Re: “Raul Castro Turning 81, Trying to Preserve Communism”
Dear Editor,
Your June 2 article, “Raul Castro Turning 81, Trying to Preserve Communism,” effectively points out President Castro’s economic reforms and some of their positive effects. Castro states that he currently is reforming the island’s economic system in order to preserve the communist Cuban state. However, the reforms beg the question, is Castro actually trying to preserve communism?

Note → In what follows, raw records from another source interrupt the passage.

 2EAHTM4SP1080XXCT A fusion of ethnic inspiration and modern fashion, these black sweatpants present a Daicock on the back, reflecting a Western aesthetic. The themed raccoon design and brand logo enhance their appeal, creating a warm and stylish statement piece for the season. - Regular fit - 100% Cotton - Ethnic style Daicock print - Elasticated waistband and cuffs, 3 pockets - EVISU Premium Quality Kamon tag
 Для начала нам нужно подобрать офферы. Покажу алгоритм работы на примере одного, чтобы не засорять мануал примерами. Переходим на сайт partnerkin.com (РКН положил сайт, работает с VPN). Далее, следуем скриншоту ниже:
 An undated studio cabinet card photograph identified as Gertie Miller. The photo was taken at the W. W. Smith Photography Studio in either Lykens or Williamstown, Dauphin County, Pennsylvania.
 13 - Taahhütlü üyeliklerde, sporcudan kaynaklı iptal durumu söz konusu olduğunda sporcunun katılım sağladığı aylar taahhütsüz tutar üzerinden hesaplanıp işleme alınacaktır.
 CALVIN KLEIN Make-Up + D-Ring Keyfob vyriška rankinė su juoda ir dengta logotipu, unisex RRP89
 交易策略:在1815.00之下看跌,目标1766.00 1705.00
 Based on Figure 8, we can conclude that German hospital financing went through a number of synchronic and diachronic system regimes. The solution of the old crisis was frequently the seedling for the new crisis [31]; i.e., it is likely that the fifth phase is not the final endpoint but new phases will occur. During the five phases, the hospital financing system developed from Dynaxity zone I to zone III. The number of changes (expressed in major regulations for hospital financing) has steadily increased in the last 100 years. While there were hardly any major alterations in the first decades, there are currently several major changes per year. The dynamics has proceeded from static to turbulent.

For a supposedly communist regime, Castro’s reforms have been nothing if not unorthodox. The public is generally familiar with his market-leaning reforms—such as removing the restrictions on cell phones, encouraging private enterprise, and limiting the role of the state—but he has done much more than that. He has removed restrictions on purchasing DVD players, computers, and microwaves, and recently expanded self-employment in sectors like hairdressing and watch repairs. Last year, he called for hundreds of reforms similar to the Chinese economic model, such as the transfer of up to 40 percent of the workforce to the private sector by 2015, and his motion to allow Cubans to buy and sell property was approved by the Cuban Communist Party.
Castro also endorsed plans for limiting presidential mandates while further deregulating industries within the Cuban economy, such as agriculture. Many of his reforms have strayed further from the communist tradition than anything Fidel ever enacted, and he has even made statements that indicate opposition to communism as practiced by Fidel.

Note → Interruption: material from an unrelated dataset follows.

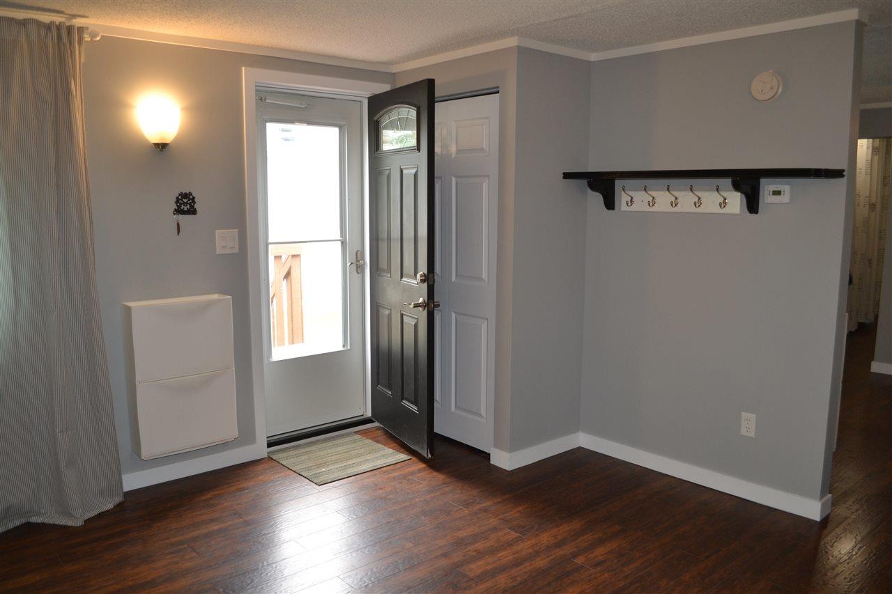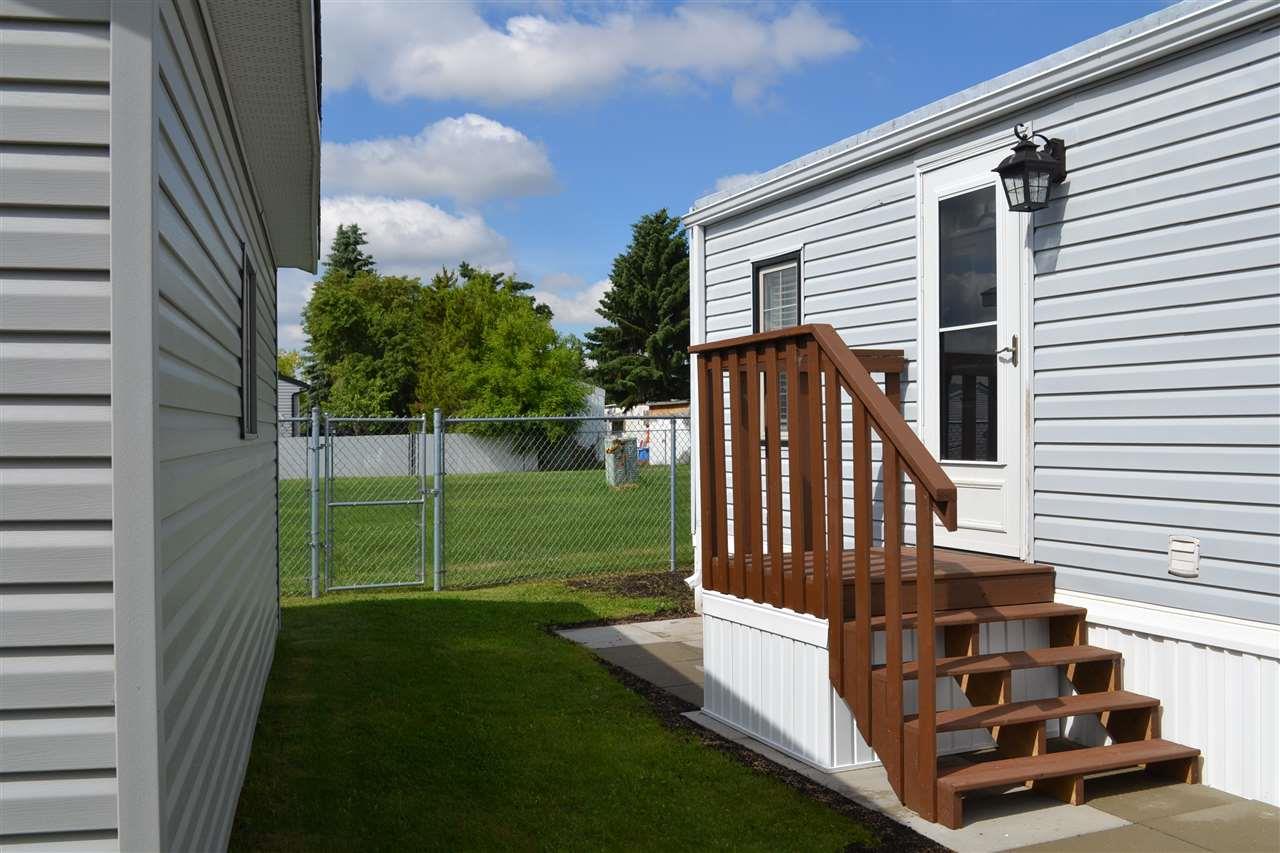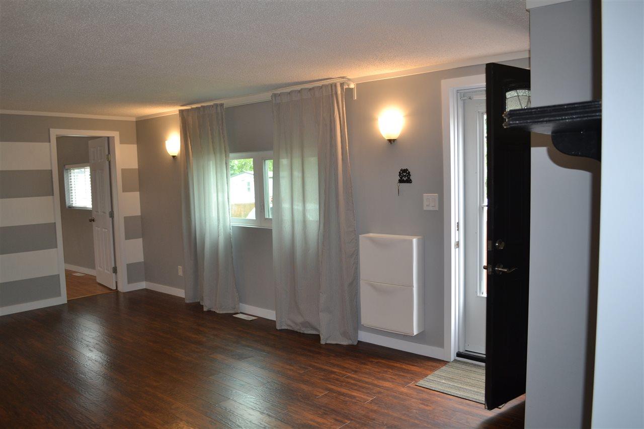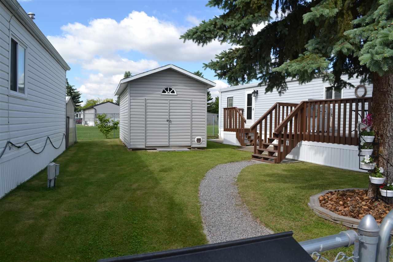 Lots of work has been done in this updated mobile home. New engineered hardwood, new laminate, new tile, new windows, new front door, new screen doors, new skirting, new trim, new drywall and the list goes on. This 2 bedroom, 2 bathroom home has everything you need. Both bedrooms are a great size and the front bedroom has a 3 piece ensuite. A large living area and open concept dining kitchen area have all been updated. The yard is fully landscaped, fully fenced and has a great deck for BBQ's. The huge 10 foot x 20 foot sided shed is perfect for all your storage needs. (id:22211)
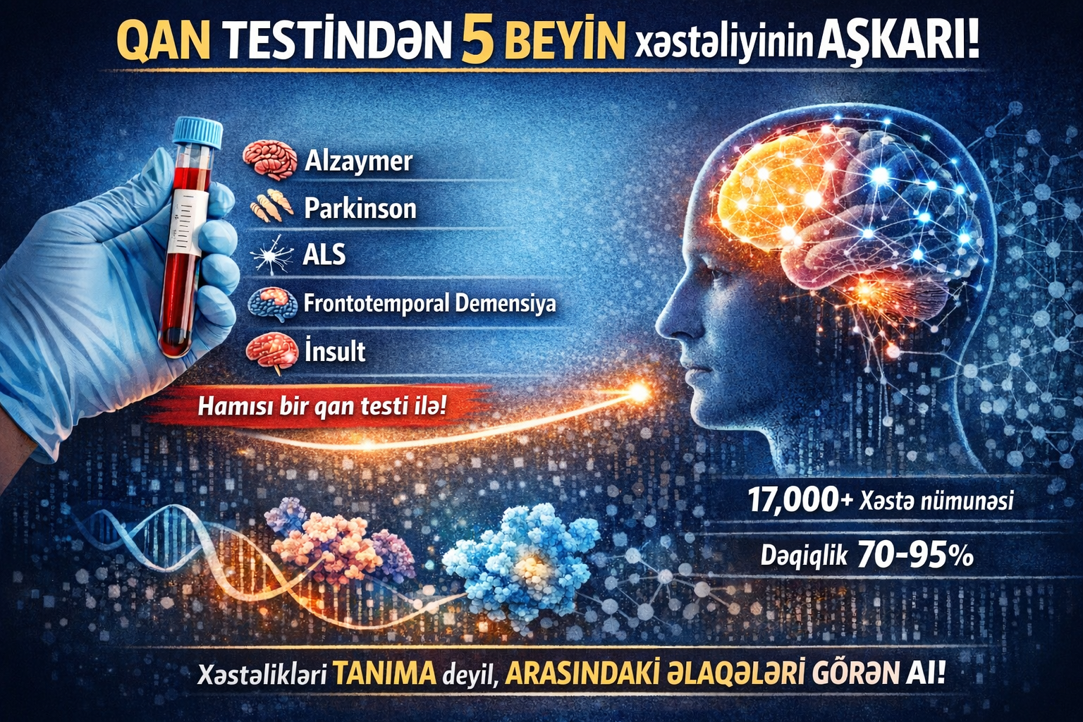 Düşünün: bu gün ixtisaslaşmış klinikada belə hər 3-4 xəstədən biri səhv diaqnoz alır. Adi klinikada bu rəqəm 50%-i keçir. Çünki bu xəstəliklərin simptomu bir-birinə o qədər oxşardır ki, ən təcrübəli həkim belə yanıla bilər. ProtAIDe-Dx adlanan bu model fərqli bir yol tutub. 17.000-dən artıq xəstənin qan zülallarını analiz edib, beyin degenerasiyasına aid ümumi bir protein “imzası” tapıb. Bu imzanı öyrənib — sonra ondan 5 xəstəliyi eyni anda, eyni nümunədən müəyyən edib. Dəqiqlik? 70-95% aralığında, çoxsaylı müstəqil verilənlər bazasında sınaqdan keçirilib. Niyə bu, AI üçün mənim maraqlandığım bir nöqtədir? Çünki bu, AI-ın “xəstəliyi tanıma” deyil, “xəstəliklərin arasındakı gizli əlaqəni görme” qabiliyyətinin nümayişidir. Birinin nə etdiyini deyil — necə bir-birinə bağlı olduğunu anlama.

This is not to say that Cuba will embrace capitalism anytime soon, or that America’s languished diplomatic and trade relations with the island nation will be amended. Cuba’s economic situation is not the same as its political situation. While the evidence suggests that President Castro will continue to open the Cuban economy to the rest of the world, this does not necessarily mean that Castro intends to deviate from communist political traditions.